Amdahl v. Lowe, 17204

Citation471 N.W.2d 770
Decision Date20 March 1991
Docket NumberNo. 17204,17204
PartiesAllen AMDAHL, Plaintiff and Appellant, v. Mary I. LOWE, a widow, and David W. Lowe, individually and as co-trustees, Defendants and Appellees. . Considered on Briefs
CourtSupreme Court of South Dakota

William E. Coester, Milbank, for plaintiff and appellant.

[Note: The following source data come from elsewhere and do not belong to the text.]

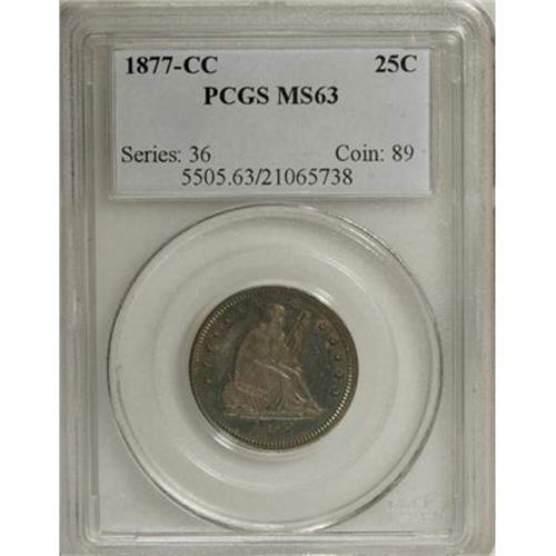 <B>1877-CC 25C MS63 PCGS.</B></I> A pleasing example of this comparatively available Carson City minor silver issue, solidly struck with lovely blue-green and plum toning over each side. Minimally marked overall, though close inspection reveals a handful of wispy abrasions.<BR><BR><B>Coin Engraver:</B> Christian Gobrecht<BR><BR><b>Shipping:</b> Coins & Currency (<a target="_blank" href="http://www.heritageauctions.com/common/shipping.php">view shipping information</a>)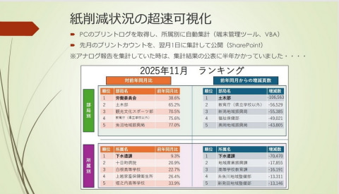 モバイルパソコンの導入や、制約なくインターネットサービスが利用できるようになったことで、職員が業務効率化を実感しているのはもちろん、ペーパーレス化も進んだ。庁内全体で2020年度から2024年度にかけて紙の使用量が約40%減となり、特に佐藤氏の所属するICT推進課では「実感として99%は紙を削減できている」という。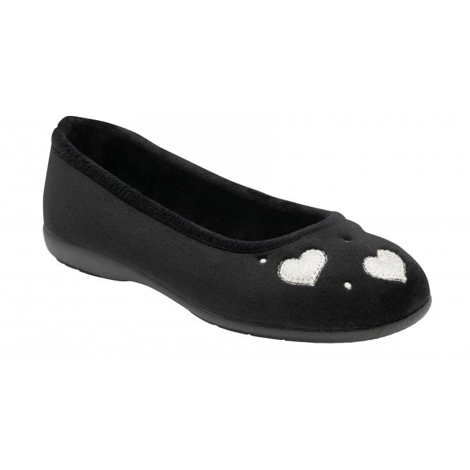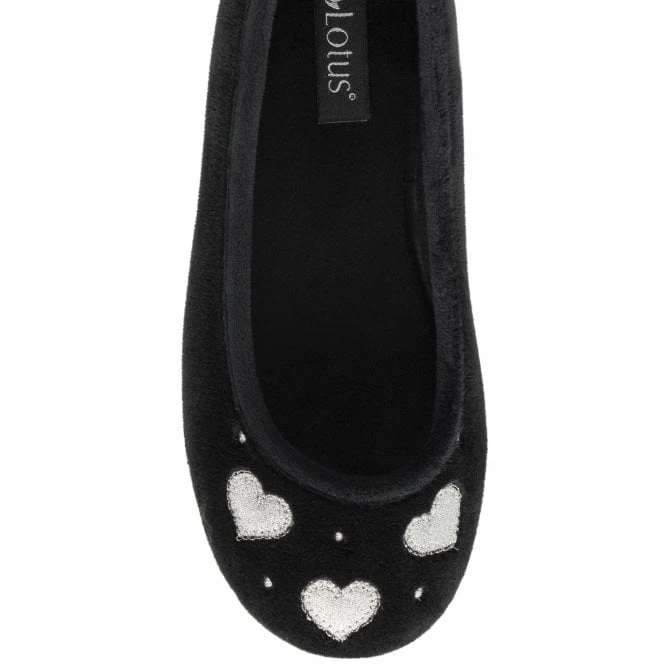 Giving the black ballerina slipper Lois a delightful finishing touch are cute glitter love hearts and metallic embroidered spots. Crafted with a soft touch textile upper and lining, plus a rubber outsole for enhanced durability, this Lotus women’s full shoe slipper is as practical as it is stylish.

Max Gruenwald, Milbank, for defendants and appellees.

AMUNDSON, Justice.

Allen Amdahl (Amdahl) appeals from a trial court judgment denying specific performance on an alleged contract for the sale of real property. We affirm.

FACTS

This dispute involves two parcels of farmland in Grant County, South Dakota. Parcel 1 is comprised of 400 acres, and Parcel 2 is comprised of 480 acres. These 880 acres comprised the farm of John and Mary Lowe, who owned the property as joint tenants with the right of survivorship. Shortly before his death, John Lowe (John) and his wife, Mary Lowe (Mary), executed a deed terminating the joint tenancy, and creating a tenancy in common, with each owning an undivided one-half interest in the farmland. This deed was signed February 13, 1981, and recorded on February 17, 1981. Following his death, a trust was created under the Final Decree of Distribution in the estate of John Lowe, naming his widow Mary and son David as co-trustees of the undivided one-half interest of John in the farmland.

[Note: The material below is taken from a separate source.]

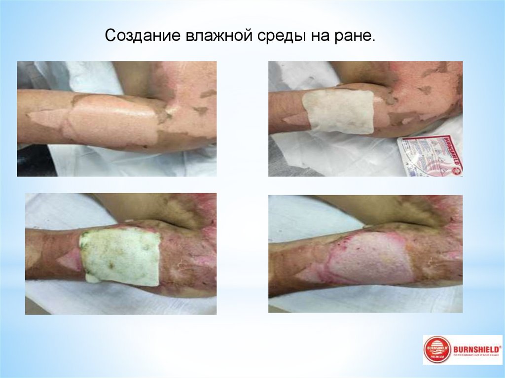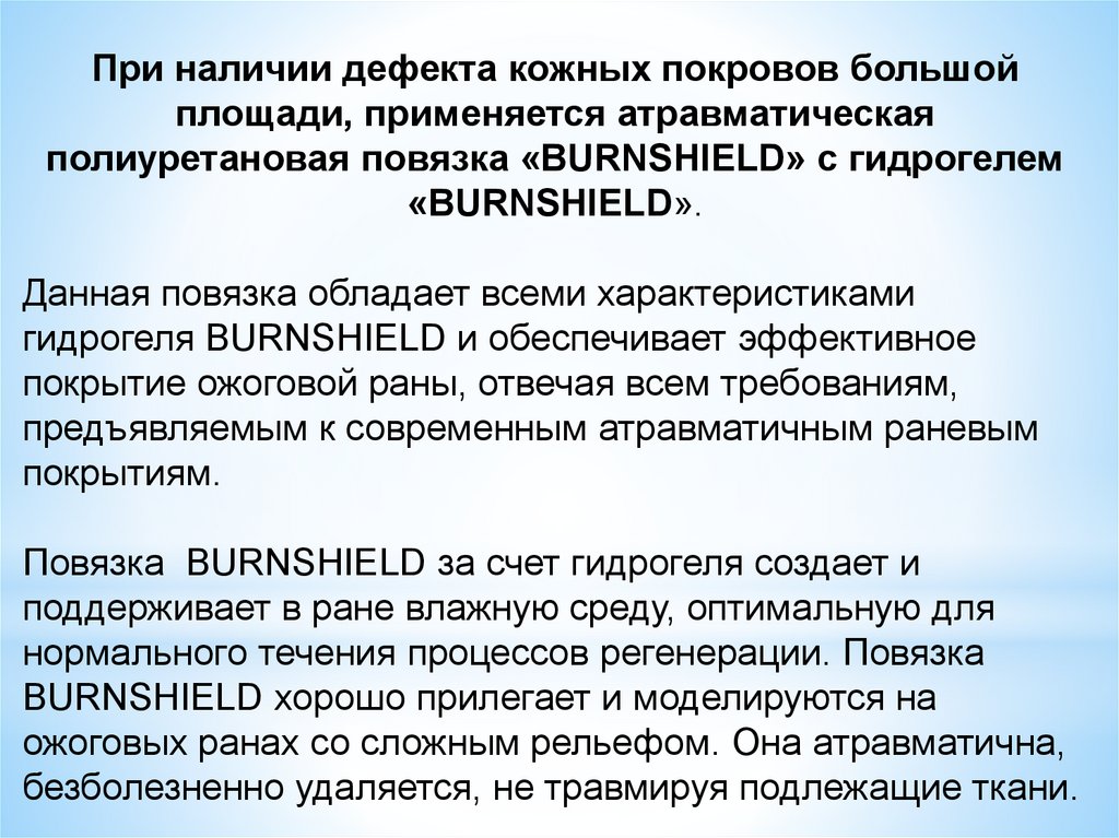 - Благодаря гидрогелю «BURNSHIELD» в ране создается

After her husband's death, Mary continued to live in the family farm home, while son David carried on the farming operation and lived in a second house located on the farm. In early January, 1987, Mary told friend Isabelle Lupinek (Lupinek) that she wanted to sell some of the farmland. Lupinek knew Amdahl was interested in buying farmland so she informed him of her conversation with Mary. Amdahl then phoned Mary to tell her he was interested in purchasing the farmland. After this initial contact, Mary informed him that she was interested in selling only the 400 acres contained in Parcel 1, and did not want to sell the 480 acres of Parcel 2 where both her home and David's home were located.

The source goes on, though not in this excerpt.